Um assassinato leva pouco tempo e o acontecimento tem lugar entre a publicação de
dois números sucessivos de um jornal diário, o que significa que se pode contar uma
notícia significativa de um dia para o outro. [...] um acontecimento que tem lugar
durante um espaço de tempo maior ficará por registrar a menos que atinja um certo
tipo de clímax dramático.

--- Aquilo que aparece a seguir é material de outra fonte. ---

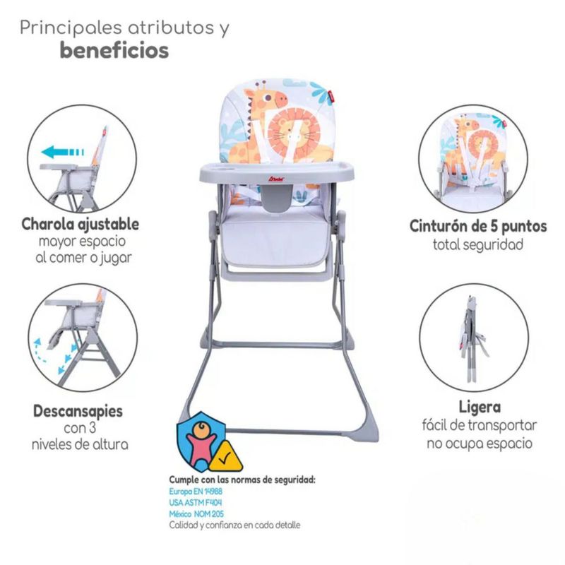 Silla Periquera D´Bebé Light Ultra Compacta Ajustable Gris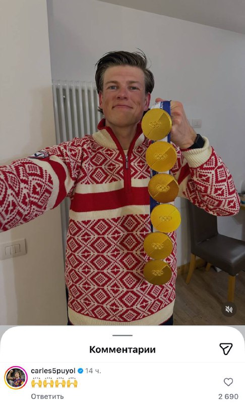 Йоханнес Клебо и его 6 золотых медалей. Неплохая поездочка в Италию вышла у норвежца. Теперь Клебо 11-кратный олимпийский чемпион и это рекорд Зимних Олимпиад (общий же рекорд по количеству золота ра олимпиадах принадлежит пловцу Майклу Фелпсу - у него 23 золотые медали). Интересно, что одним из первых Клебо в запрещенной соцсети поздравил Карлес Пуйоль.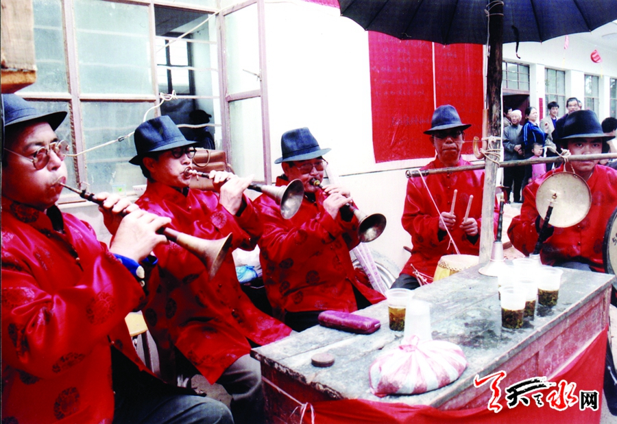 秦安民间唢呐在民间为人民群众所喜闻乐见,历史上一贯是农忙劳作,农闲演出,鼎盛时期曾组班成百个,主要用于婚嫁、丧葬、庆礼、社火等活动中,以民间班社形式存在,流传下来的曲牌多达40余种。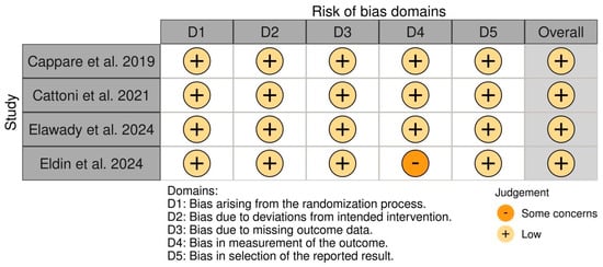 - Sterne, J.A.C.; Savović, J.; Page, M.J.; Elbers, R.G.; Blencowe, N.S.; Boutron, I.; Cates, C.J.; Cheng, H.Y.; Corbett, M.S.; Eldridge, S.M.; et al. RoB 2: A revised tool for assessing risk of bias in randomised trials. BMJ 2019, 366, l4898. [Google Scholar] [CrossRef]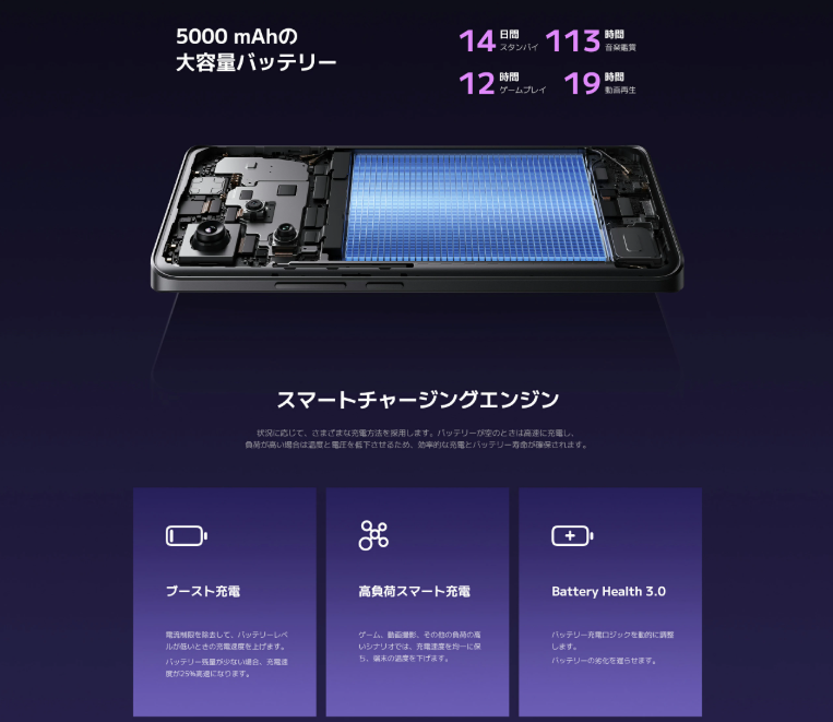 この機能により、0%から100%までのフル充電が、わずか19分という驚異的な速さで完了します(「充電速度をブースト」機能を有効にした場合)。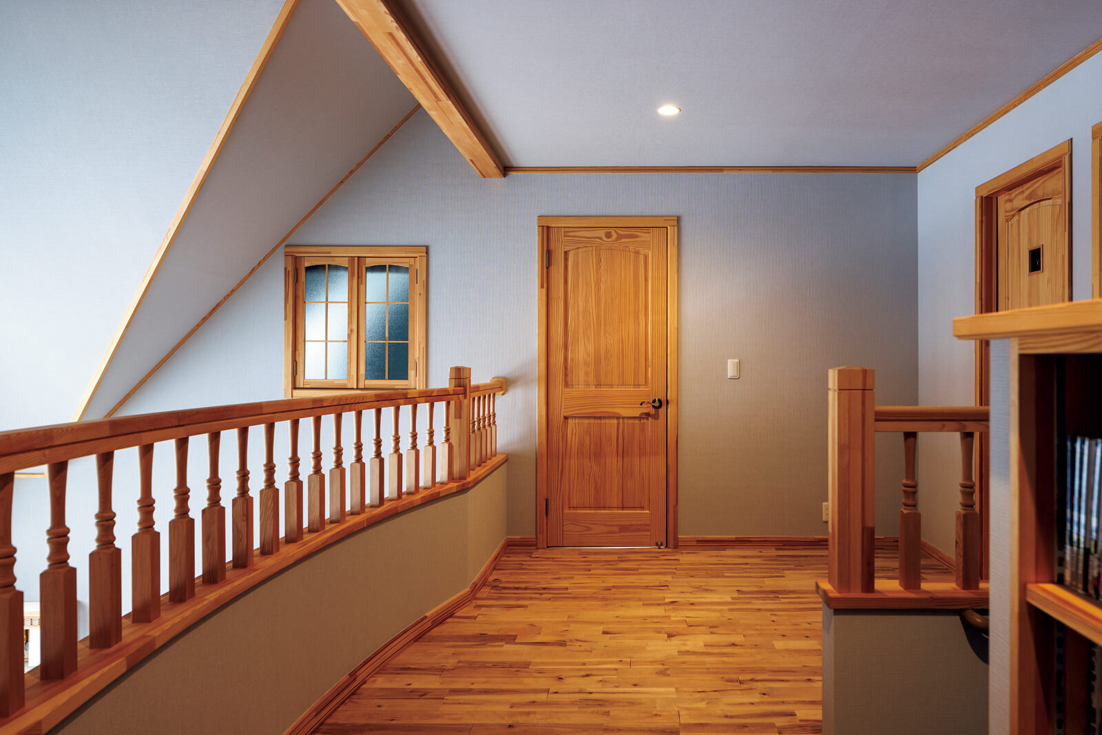 とかち工房は「木の家に住みたい」というMさんの要望に応え、パイン材をふんだんに用いたカントリーテイストの住まいを提案。窓にはスウェーデン製木製トリプルサッシ、玄関ドアにも木製断熱ドアを採用し、省エネ基準を上回る性能も備えました。「初めての家づくりで分からないことばかりで不安でした。でも、とかち工房は私たちの暮らしやすさを親身になって考えた提案をたくさんしてくれたので、安心してお任せできました」と奥さん。

Galtung e Ruge (1962/1993 apud TRAQUINA 2008, p.
70)
Além disso, Galtung e Ruge (1962/1993 apud TRAQUINA 2008) apresentam alguns
fatores para explicar o estado da coisa: as notícias negativas satisfazem melhor os critérios de
frequência; são mais inesperadas em relação às positivas, tanto no sentido de que os fatos
referidos são mais raros, como no sentido de que são menos previsíveis; facilmente
consensuais e inequívocas, no sentido de que haverá acordo acerca da interpretação do
acontecimento como negativo. Também Traquina (2008, p. 79) complementa “[...] onde há
morte, há jornalistas. A morte é um valor-notícia fundamental para esta comunidade
interpretativa e uma razão que explica o negativismo do mundo jornalístico que é apresentado
diariamente nas páginas do jornal ou nos écrans da televisão”.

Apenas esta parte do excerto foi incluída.